O procurador Rodrigo Yokouchi Santos apresentou a metodologia de elaboração de fluxo de caixa utilizada para o mapeamento das movimentações financeiras decorrentes de desvios de recursos públicos.

Marcílio Franca, do Ministério Público de Contas da Paraíba, destacou a importância da iniciativa da CGM. “Com a sofisticação das estratégias utilizadas no desvio de recursos públicos, o modelo de controle em rede é o único realmente eficiente.”

Paulo Fernandes, do MPC-PR, ressaltou a importância da análise patrimonial nas ações de controle interno. “Espero que a metodologia da CGM-SP possa ser implementada em todo Estado do Paraná”, acrescentou.

Segundo Carlos Alexandre, representante da Prodam – empresa municipal responsável pelo desenvolvimento do Sistema de Registro de Bens dos Agentes Públicos – todos os códigos-fonte do sistema serão disponibilizados gratuitamente aos órgãos de controle que manifestarem interesse. Além disso, a Prodam também poderá realizar customizações que os órgãos eventualmente desejarem implementar – nesse caso, mediante negociação.

Declarações de bens são analisadas com base em uma matriz de risco

Uma das primeiras medidas adotadas pela Controladoria Geral do Município de São Paulo, que foi criada em maio de 2013, foi determinação (decreto 53.929) de que os cerca de 160 mil servidores que compõem a administração direta e fazem parte das 18 empresas, autarquias e fundações municipais passassem a apresentar anualmente, por meio eletrônico, suas declarações de bens e valores.

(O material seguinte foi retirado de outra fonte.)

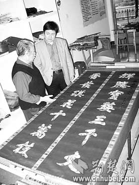 荊楚網(wǎng)消息(楚天都市報)(記者何君輝)昨日,收藏者王先生在漢繡傳人任本榮家中,展示了自己珍藏的一幅刺繡對聯(lián)。對聯(lián)長2.4米,以花朵圖案拼接出“輝騰寶婺三千丈香發(fā)琪花十萬枝”字樣。王先生說,自己十多年前在地攤上花400元購得這件繡品,一直沒有機(jī)會為它“驗明正身”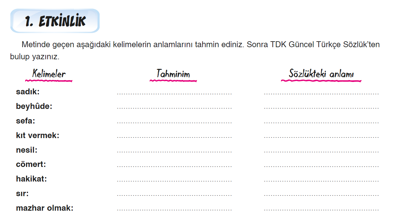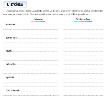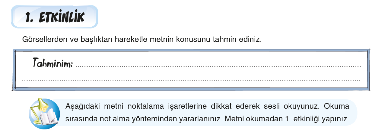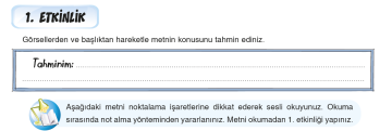 2023-2024 eğitim öğretim döneminde 7. sınıflarda kullanılan Dörtel Yayıncılık yayınevine ait 7. sınıf Türkçe ders kitabı incelendiğinde tahmin etme etkinliklerine bir hayli yer verildiği görülmektedir. Söz konusu etkinliklere 7. sınıf ders kitabında 22 defa yer verilmiştir. Bu etkinliklerin 7 tanesi metin öncesi tahmin etkinlikleridir. Dinleme/okuma metninden önce öğrencinin metinle ilgili bazı hususları tahmin etmesi istenmektedir. Geriye kalan 15 etkinlik ise okuma/dinleme metnin sonrasında yapılan tahmin etkinlikleridir. Metin sonrası yapılan etkinlikler genellikle metnin içinde geçen bazı kelimelerin anlamlarını tahmin ederek sözlükteki karşılıklarıyla karşılaştırma şeklinde gerçekleştirilmektedir.

Desde 1996 o município exigia a entrega das declarações de bens e valores (decreto 36.472). Porém, os dados eram entregues em envelopes fechados e só eram analisados se o servidor fosse alvo de denúncias. Com a criação do Sistema de Registro de Bens dos Agentes Públicos, foram criados filtros baseados em uma matriz de risco, que permitem uma análise detalhada de movimentações patrimoniais atípicas que podem apontar casos de enriquecimento ilícito e, como ocorreu no caso do ISS-Habite-se, permitir a identificação de redes de corrupção que atuam em setores da administração.

A matriz de risco criada pelo setor de Inteligência da Controladoria Geral do Município  baseia-se em diversos indicadores, como o patrimônio total declarado pelo servidor, a atuação em área ou função considerada sensível e a existência de denúncias contra o agente público.
Quando são identificadas movimentações atípicas, os dados dos servidores são cruzados com outras bases de dados, como os cadastros da Associação dos Registradores Imobiliários de São Paulo (ARISP) e da Junta Comercial do Estado de São Paulo (Jucesp).

Diante de suspeitas de irregularidades, são instauradas sindicâncias administrativas para apurar a eventual existência de atos ilícitos. Atualmente a Corregedoria Geral do Município, que faz parte da CGM-SP, conduz cerca de 40 sindicâncias patrimoniais.